Едва за ней закрылась дверь, как я обессиленно упал на кровать и уставился в потолок. После сна я был очень уставший. И так уже неделю подряд.
Целую неделю каждую ночь мне снился один и тот же сон, будто я стою в красной комнате, погибаю от жары, и сверху на меня падают камни, от которых негде скрыться. Затем просыпаюсь и не могу прийти в себя. Все тело болело, словно на самом деле трескалась моя кожа, а потом меня прибивало камнями.
Этот сон я просто ненавидел. И вообще все сны, в которых я оказывался в закрытом помещении.
Я никогда ни от кого не скрывал, что у меня клаустрофобия, то есть боязнь закрытого пространства.
Я боялся находиться в маленьких комнатах, в лифтах, в подвале. Когда я оказывался там, со мной случался приступ: голова начинала кружиться, я обливался потом, на меня наваливался жуткий, животный страх, перед глазами все плыло и хотелось умереть, лишь бы не находиться в тесной комнате. А потом думал, что даже смерть от этого не спасет, потому что после смерти я буду ВЕЧНО находиться в тесном гробу и убежать оттуда уже никогда не смогу… Никогда…
Я встряхнулся, как пес после купания, выбрасывая из головы неприятные мысли, и, обводя комнату взглядом, задумался: «Так, вроде бы все взял, ничего не забыл. Одежду, зубную щетку, пасту, жидкость для контактных линз, контейнер для них, книжку, иголку, нитку… да, все взял… Тогда в путь».
– Прощай, моя любимая комната, – вслух сказал я, стоя у двери, когда оделся. – Мне будет тебя не хватать. Хотя почему «прощай»? До свидания!
«Или все-таки „прощай“?» – помимо воли подумал я.
Моя комната была очень просторной, потому что, когда выявили у меня клаустрофобию, родители выделили мне самую большую и светлую комнату. И она мне нравилась.
Еще раз окинув ее взглядом, я вздохнул и закрыл дверь.
Почему-то было тоскливо. Так бывает всегда, когда куда-то уезжаешь из дома на длительное время.

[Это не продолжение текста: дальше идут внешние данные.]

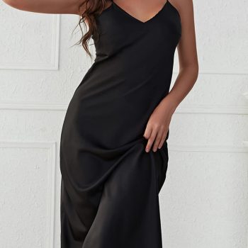 fleepmart Solid Satin Draped Collar Nightdress Criss Cross Back Spaghetti Strap Sleep Dress Women’s Sleepwear Dresses

А ехал я на Черноморское побережье, где недавно открылся специальный лагерь для подростков с психическими отклонениями. По словам его создателей, благодаря непринужденным групповым тренингам, детям легче справиться со своими проблемами, когда они видят, что не одиноки в своих бедах. А так как лагерь, как я уже сказал, располагался у моря, то занятия сочетались с отдыхом. Короче, я ехал отдыхать и одновременно попробовать снизить уровень своего страха.
Был конец мая, когда я узнал о лагере.
Я, истекая потом, несмотря на легкую светлую одежду, вернулся домой и бросил сумку под вешалку. Мама жарила пирожки. В кухне было невыносимо жарко, как в аду.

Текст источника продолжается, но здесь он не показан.